● **Task item**:
What you return should be the full listing, word for word, without a single image.

** Data shown follows **

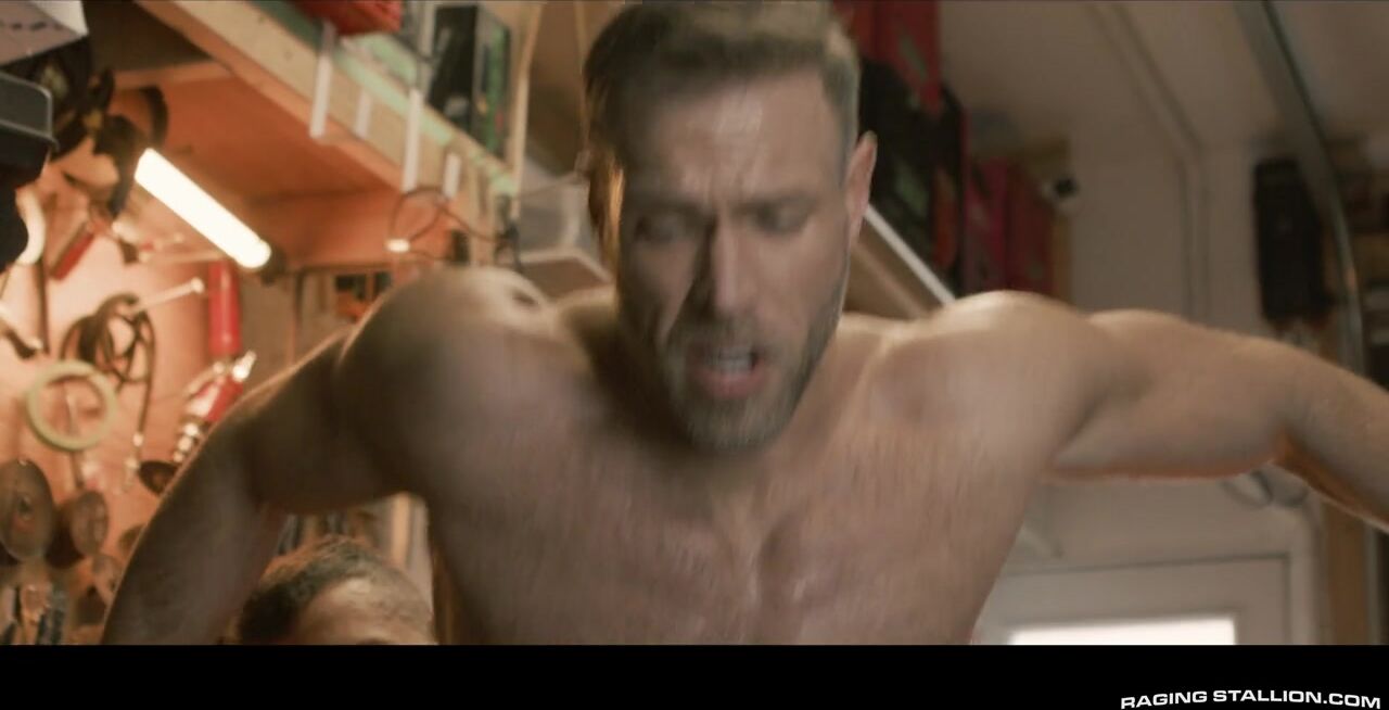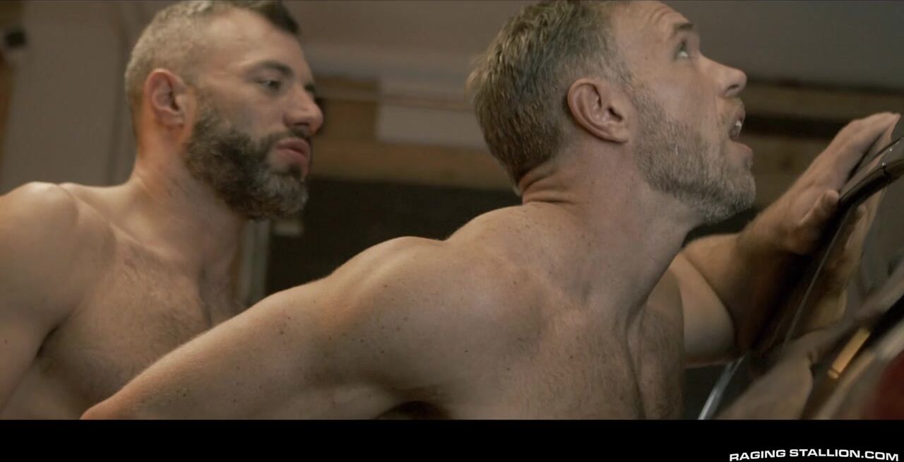 "Alex Mecum is out of the racing game for a while and hesitates to help driver Cole Connor understand what's wrong with his car, but some persuasive convincing from Cole's mouth could possibly change that. The desperate racer begins to tongue-wrestle Alex's hairy dick and smooth hole in the middle of his automotive store before bending him over his desired race and making a test drive. Ready to take himself a turn on the driver's seat, Alex speeds into Cole's garage and barebacks his daddy hole. He fucks Cole's sweaty ass until his own cum sprays on Alex's face. Proving he is still a stud himself, Alex strokes until he gives Cole an XL dose of fresh charge. "
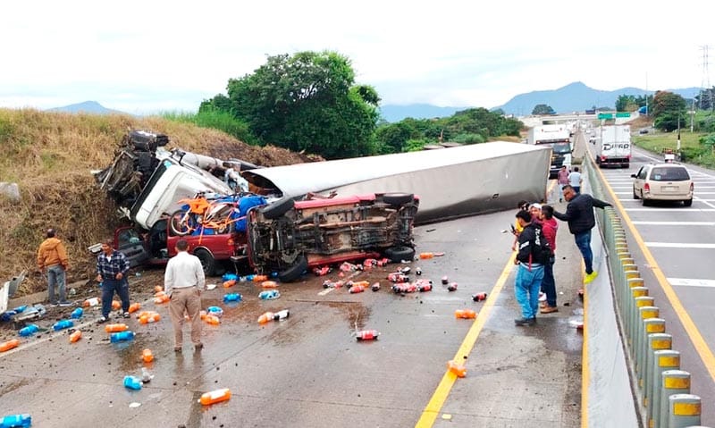Una dramática carambola de cinco vehículos, que culminó con la volcadura de tres unidades entre esas un tractocamión cargado con refrescos, dejó saldo de seis lesionados, el accidente ocurrió sobre autopista Córdoba-Veracruz, en Rancho Trejo.
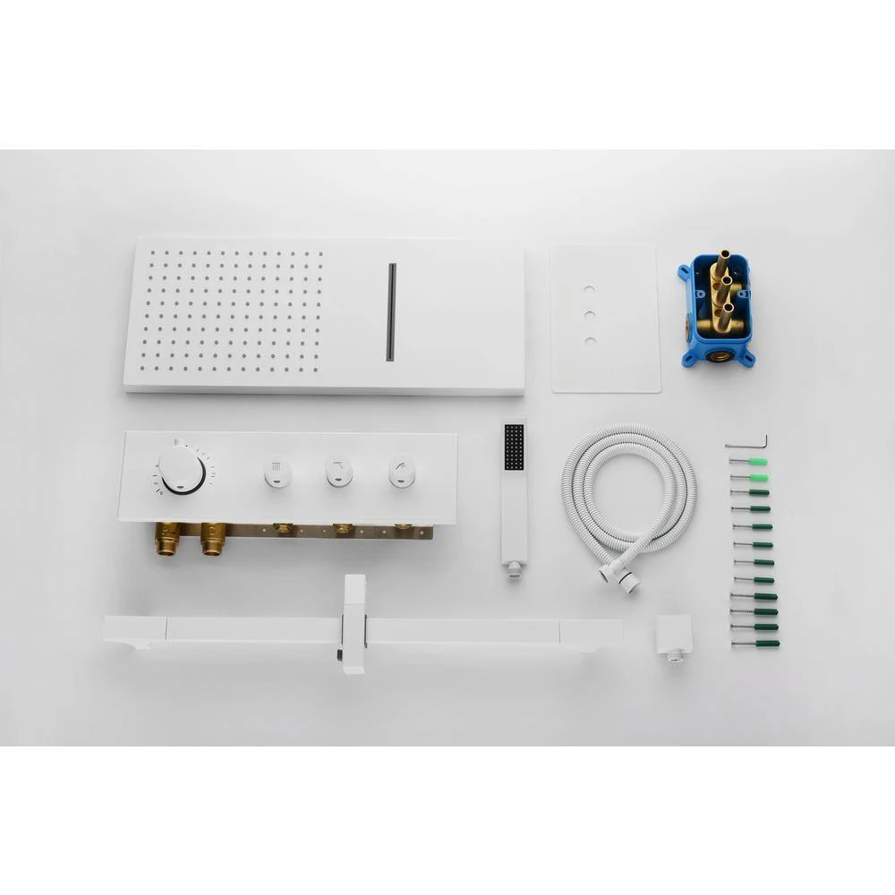 The Ceiling Mount Shower Faucet Set offers a high-pressure spray with a multi-shower head system, featuring Rain, waterfall and mist shower modes for a complete shower experience. It is both safe and practical, with the ability to use all functions simultaneously or separately. The shower head is equipped with self-cleaning silicone nozzles to prevent clogs and ensure easy maintenance. The set is designed for ceiling-mounted installation.

** End of Data shown **

● **Answer**:
 "Alex Mecum is out of the racing game for a while and hesitates to help driver Cole Connor understand what's wrong with his car, but some persuasive convincing from Cole's mouth could possibly change that. The desperate racer begins to tongue-wrestle Alex's hairy dick and smooth hole in the middle of his automotive store before bending him over his desired race and making a test drive. Ready to take himself a turn on the driver's seat, Alex speeds into Cole's garage and barebacks his daddy hole. He fucks Cole's sweaty ass until his own cum sprays on Alex's face. Proving he is still a stud himself, Alex strokes until he gives Cole an XL dose of fresh charge. "
Una dramática carambola de cinco vehículos, que culminó con la volcadura de tres unidades entre esas un tractocamión cargado con refrescos, dejó saldo de seis lesionados, el accidente ocurrió sobre autopista Córdoba-Veracruz, en Rancho Trejo.
 The Ceiling Mount Shower Faucet Set offers a high-pressure spray with a multi-shower head system, featuring Rain, waterfall and mist shower modes for a complete shower experience. It is both safe and practical, with the ability to use all functions simultaneously or separately. The shower head is equipped with self-cleaning silicone nozzles to prevent clogs and ensure easy maintenance. The set is designed for ceiling-mounted installation.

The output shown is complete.